6. The technology according to claim 1, characterized in that, The preparation method of the environmentally friendly and low-toxicity polymeric thiocyanate composite plating solution includes the following steps: S1. Pour 50% of the volume of pure water into the plating tank, heat to 55°C, add the calculated amount of polymeric potassium thiocyanate complexing agent, and stir until completely dissolved. S2 mixes polymerized cuprous thiocyanate and potassium sodium copper tartrate with a small amount of pure water to form a paste, slowly adds it to the plating bath, stirs until completely dissolved, and keeps it at the temperature for 5 hours to fully complex. Add the composite stabilizer to S3 and stir for 30 minutes until dissolved; add pure water to the working liquid level and start the circulating filtration system. S4. Use an electroplating solution with a current density of 0.18 A / dm² for 4 hours to remove impurities; S5. Add diluted environmentally friendly brightener and leveling agent, stir evenly, and then perform trial plating.

7. The technology according to claim 1, characterized in that, The maintenance method for the plating solution is as follows: The plating solution composition was analyzed every 24 hours, and the pH ratio was adjusted to 8.5-9.5; the pH value was adjusted to 12.2-12.8 using potassium hydroxide.
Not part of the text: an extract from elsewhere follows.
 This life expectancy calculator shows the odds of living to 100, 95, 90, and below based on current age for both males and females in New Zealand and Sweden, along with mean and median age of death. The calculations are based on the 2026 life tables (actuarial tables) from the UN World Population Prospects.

The plating solution is continuously filtered with a filtration accuracy of 5μm; activated carbon adsorption treatment is performed every 7 days, with an activated carbon dosage of 1~2g / L. A major treatment is performed every 3 months to remove accumulated impurities, and the service life of the plating solution is ≥6 months.
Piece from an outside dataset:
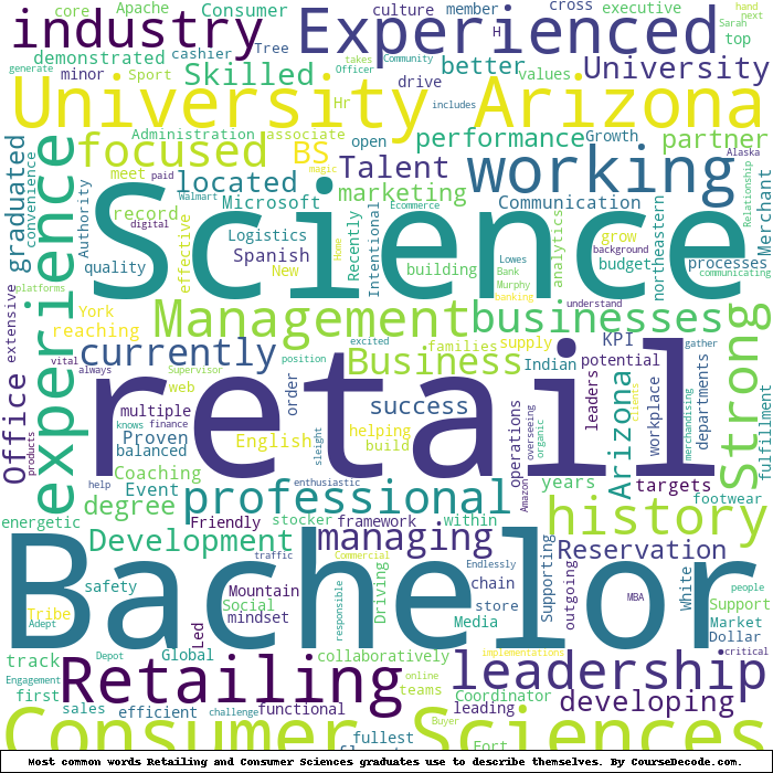 Here is a visual representation of the most common words seen in the "about" section of LinkedIn profiles who have a Bachelor degree in Retailing and Consumer Sciences (this is across all Retailing and Consumer Sciences graduates we've analyzed, not just those who went to University of Arizona). This may or may not be useful:

8. The technology according to claim 1, characterized in that, The performance indicators of the underlying copper plating layer are as follows: Appearance: Uniform and glossy, free from burrs, pinholes, and peeling defects; Bonding strength: Grade 0 in cross-cut test, no detachment in file test, no cracking in 180° bending test; Porosity: ≤0.5 particles / dm² (measured by filter paper method); Corrosion resistance: No rust was observed after 72 hours of neutral salt spray testing; Deep plating capability: ≥90% in Hall effect cell test.

9. A method for preparing an environmentally friendly and low-toxicity strike plating copper layer based on the technology according to any one of claims 1 to 8, characterized in that, Includes the following steps: S1 plating solution preparation: Prepare the polymeric thiocyanate composite plating solution according to the formula, and complete the electrolytic purification and debugging; S2 matrix pretreatment: Depending on the type of metal matrix, a corresponding differentiated cyanide-free pretreatment process is performed; S3 Pulse Electroplating: The treated substrate is placed into the plating tank, the intelligent control system is started, and electroplating is carried out according to the set pulse process parameters; S4 Post-treatment: After electroplating, the workpiece is cleaned with pure water and dried with hot air to obtain a base copper plating layer. S5 plating solution maintenance: The intelligent control unit automatically monitors the plating solution composition, replenishes chemicals, and performs online purification to maintain the stability of the plating solution.